For some time now I’ve realized that I am effectively politically and ideologically homeless. Having for a time sojourned on the libertarian left, over the last few years I’ve drifted away from the left side of the spectrum, but without really ending up anywhere classifiable. By many metrics I no doubt still appear ‘leftish’—I am critical of both statism and capitalism, embrace political decentralization, the wider distribution of power and wealth, localized control, the importance of unions, co-ops, and other mutualist or even socialist forms of political economy, and so on. While I would not describe myself as an environmentalist, my reasons are similar to those of someone like Paul Kingsnorth (whose trajectory I think I can understand quite well, and which has many similarities with my own), and the importance of the ecological to my politics has increased, in no small part I suspect to having recently become a father. But at the same time I have grown extremely critical, or simply uninterested, in much of the rest of leftist discourse, both in its more ‘classical’ formulations and its contemporary manifestations in the West, most of which I find alternatively infuriating and dull. I have never had any interest in and but little patience for so-called progressive politics, and the recent turn of those politics towards essentialism and shallow identity-mongering has done nothing to raise my appetite. But closer to the lay of the radical politics I once practiced, I can no longer countenance a politics based solely on some form of ‘liberation’ divorced from transcendent values, nor can I intellectually or otherwise justify the ideas of personal autonomy and strict egalitarianism lying behind those ideas of liberation.

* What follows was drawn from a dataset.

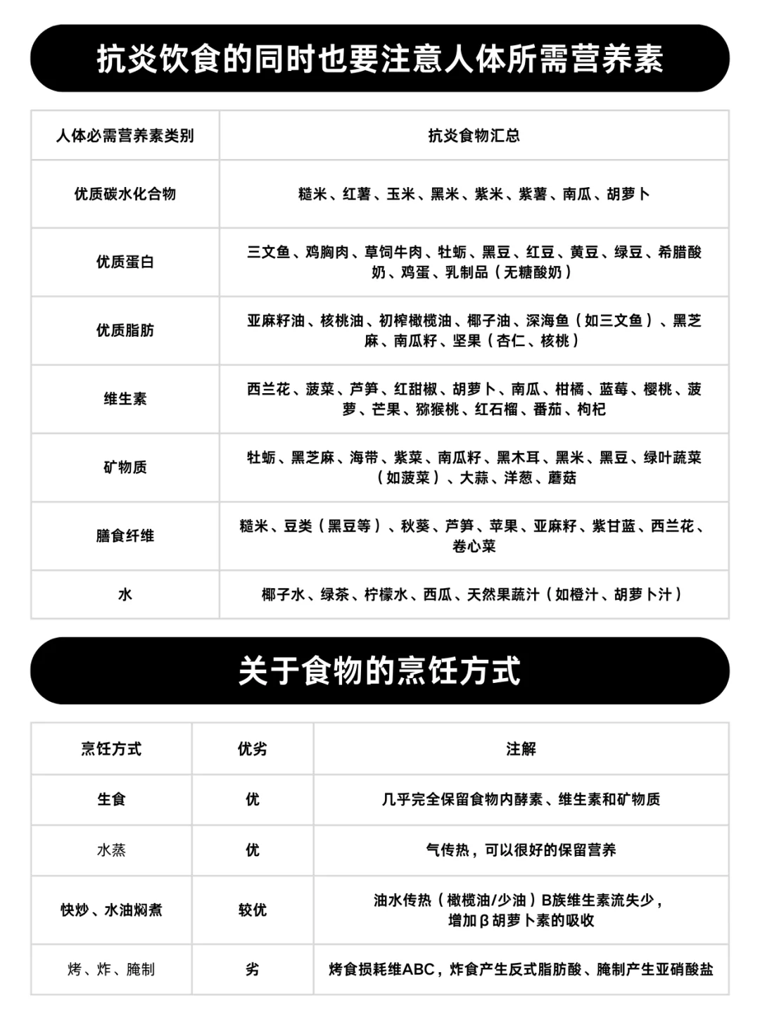 🏷附带:人体所需7大营养素 以及食物的烹饪方式及清洗储存💦 -

And I found that a great deal of what I needed to maintain to remain a ‘good’ leftist, even of the libertarian variety, simply did not mesh with any form of reality I could perceive. Nor could I any longer reconcile the full range of my ‘strong’ political commitments with my commitment to Orthodox Christianity and my increasingly ‘thick’ formation within the Church.

But even deeper, I found that I simply could not subordinate my life and the world around me to a political ideology of any sort, that I could not and did not want to bring everything under the aegis of the political: which was exactly what seemingly every political option, left and right, was demanding. So there it is in a nutshell—in what follows, here and in further essays, eventually, I’d like to walk through this process, to scope out my own twists and turns of thinking, of practice, of emotional development and change. As is the case with a lot of personal, autobiographical writing, my foremost goal is really just to explain myself to myself, to make sense of my own life’s trajectory through a selective but, I hope, relatively honest and thoughtful narrative. Of course there are arguments and claims herein, which I imagine an astute reader picking up on and probably contesting. But more fundamentally, I think that this political de-conversion narrative points to a very important reality about what it is to be human: our lives do not unfold neatly and coherently, our thinking and our cultural participation and choices do not necessarily make sense, and where we end up is often quite unpredictable and contingent. Every self is really a sort of bricolage, a multitude of wills at work in one person, as Flannery O’Connor put it. Our lives unfold under the signs of many ‘cultures’ and traces, things gathered in the past rising to the surface unexpectedly and uncalled for. Therein, in fact, lies part of the problem with any political ideology: it tends to smooth things over, to foreclose the stories and pieces and moements that do not ‘fit,’ and to demand that we render our own life narratives accordingly.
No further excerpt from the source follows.